Stieltjes Integral Let $\alpha$ be Stieltjes weight function (monotone increasing), and $\alpha = \alpha_1+\alpha_2$, where $\alpha_1,\alpha_2$ are also monotone increasing. suppose $f$ is Stieltjes-integrable on $[a,b]$
$$\int_a^bf d\alpha = \int_a^b f d\alpha_1 + \int_a^b f d\alpha_2$$
Under what conditions is this statement true?
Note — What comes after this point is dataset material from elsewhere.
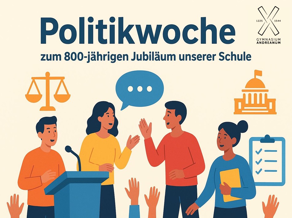 Liebe Freunde des Gymnasium Andreanum,weiter geht´s mit den Aktionswochen. Im September stehen mit den Fachgruppen Politik einerseits und Neue Sprachen andererseits gleich zwei Projekte im Terminkalender. |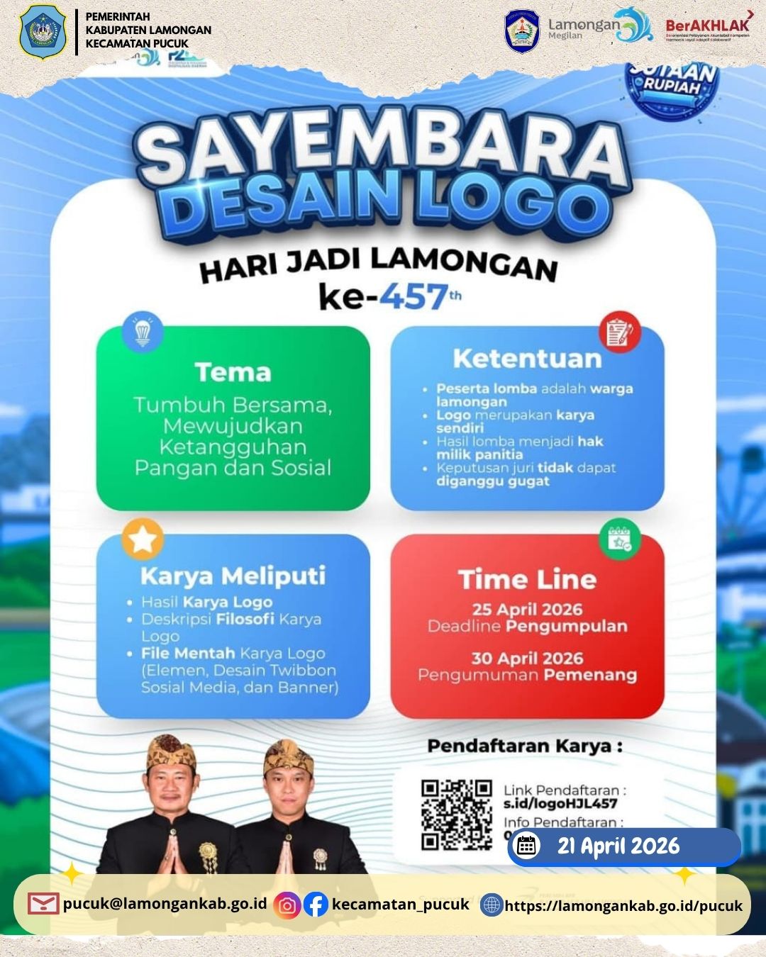 Pemerintah Kecamatan Pucuk mengumumkan dibukanya Sayembara Desain Logo untuk Hari Jadi Lamongan ke-457 yang akan diselenggarakan pada tanggal 21 April 2026. Sayembara ini bertujuan untuk mengajak seluruh masyarakat, khususnya para desainer grafis dan pelajar di wilayah Kecamatan Pucuk dan sekitarnya, untuk berpartisipasi dalam menciptakan logo yang dapat mewakili semangat dan identitas Kota Lamongan pada perayaan ulang tahun yang ke-457.

How can I prove it easily using basic knowledge of upper and lower Stieltjes integral? If it is not true all the time counter examples?
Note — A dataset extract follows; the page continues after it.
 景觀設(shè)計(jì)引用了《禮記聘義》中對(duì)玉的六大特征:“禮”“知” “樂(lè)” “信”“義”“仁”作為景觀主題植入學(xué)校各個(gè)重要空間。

 A: $\newcommand\uint{\overline{\int_a^b}}\newcommand\lint{\underline{\int_a^b}}$
Notations
Suppose $\alpha$ is monotone increasing on $[a,b]$, $P=\{\,x_0,x_1,\dotsc,x_n\,\}$ is a partition of $[a,b]$, where $a=x_0\le x_1\le\dotsb\le x_n=b$, $f$ is a bounded function on $[a,b]$, we'll use notations here:
\begin{align}
&\Delta\alpha_k=\alpha(x_k)-\alpha(x_{k-1})\\\\
&M_k=\sup_{x_{k-1}\le x\le x_k}f(x)
&m_k=\inf_{x_{k-1}\le x\le x_k}f(x)\\
&U(P,f,\alpha)=\sum_{k=1}^nM_k\Delta\alpha_k
&L(P,f,\alpha)=\sum_{k=1}^nm_k\Delta\alpha_k\\
&\uint fd\alpha=\inf_P U(P,f,\alpha)
&\lint fd\alpha=\sup_P U(P,f,\alpha)
\end{align}
Stronger results
\begin{align}
\uint fd(\alpha_1+\alpha_2)&=\uint fd\alpha_1+\uint fd\alpha_2\\
\lint fd(\alpha_1+\alpha_2)&=\lint fd\alpha_1+\lint fd\alpha_2
\end{align}
Proof
We'll only prove the first one. For each partition $P$, it's easier to check that
$$U(P,f,\alpha_1+\alpha_2)=U(P,f,\alpha_1)+U(P,f,\alpha_2)$$
Take $\inf_P$ on both sides, we have
$$\uint fd(\alpha_1+\alpha_2)\ge\uint fd\alpha_1+\uint fd\alpha_2$$
Next, for each $u_1>\uint fd\alpha_1$, $u_2>\uint fd\alpha_2$, there's some partitons $P_1$ and $P_2$ such that $U(P_1,f,\alpha_1)<u_1$ and $U(P_2,f,\alpha_2)<u_2$.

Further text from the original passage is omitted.